The public finances could fall into crisis if the Government does not take immediate corrective action on inflation, economists at business and employers' group IBEC said yesterday.
IBEC chief economist Mr David Croughan said the Republic's current inflation of 4.7 per cent, more than twice the EU average, was dangerously close to becoming rooted in the economy and damaging long-term competitiveness. A rapid reining in of Government spending and a moderation in wage demands would be required if such a scenario were to be avoided, said Mr Croughan, commenting on the findings of IBEC's latest Quarterly Economic Review.
"The key task is to temper this excess inflation before it becomes embedded," he said, attributing the current rate to a combination of tax giveaways, high Government spending and high wage expectations in recent years.
"It's when wages start growing very strongly that you start to embed inflationary impetuses into the economy," he said.
IBEC is urging the Government to implement "good economic management" and to recognise that "wages chasing prices" will only result in higher prices, damaging real income. Public sector wages merit particular attention, the association believes.

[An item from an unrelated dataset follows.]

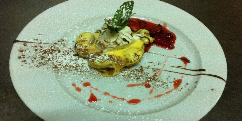 - Peito de frango recheado com alheira e molho de bálsamo acompanhado de arroz selvagem salteado de caju e espinafres

Mr Brian Geoghegan, IBEC's director of economic affairs, said yesterday that he was "very worried about the public finances".
Mr Geoghegan believes that a combination of falling revenue forecasts and rising public spending has left the Government with "no room to manoeuvre".
Government figures show that, in the five months to May this year, Government expenditure was growing by 27.2 per cent, while tax revenue was falling by 1 per cent.
Mr Geoghegan said he was concerned about benchmarking against such a backdrop, particularly in light of a report in yesterday's Irish Times, which pointed to teachers gaining a pay increase of up to 15 per cent under the benchmarking process. "This also has implications for the private sector," said Mr Geoghegan.
IBEC is calling for Government spending to be forced down close to "single figures" and for current Government spending inflation of 10.3 per cent to be reduced. "Looking to 2003, it would appear that, if there is not urgent remedial action taken, we could incur a deficit of 3 per cent of GDP, which will grow and put the finances up against the constraints of the Stability and Growth Pact," the association's quarterly review reads.
The lobby group is also urging the Department of Finance to provide increased clarity on how the public finances are calculated and expressed so that effective economic commentary can be made by observers. Mr Croughan said that current spending figures were "probably distorted upwards" by factors such as increased social welfare payments, and raised questions over the "conundrum" of falling tax revenues in an economy where employment levels have remained virtually stable.
In this light, Mr Croughan called for the Department to issue monthly versions of "cleaned-up" accounts in the future. "What we do know is that they are bad," said Mr Croughan. "What we need to know is how bad."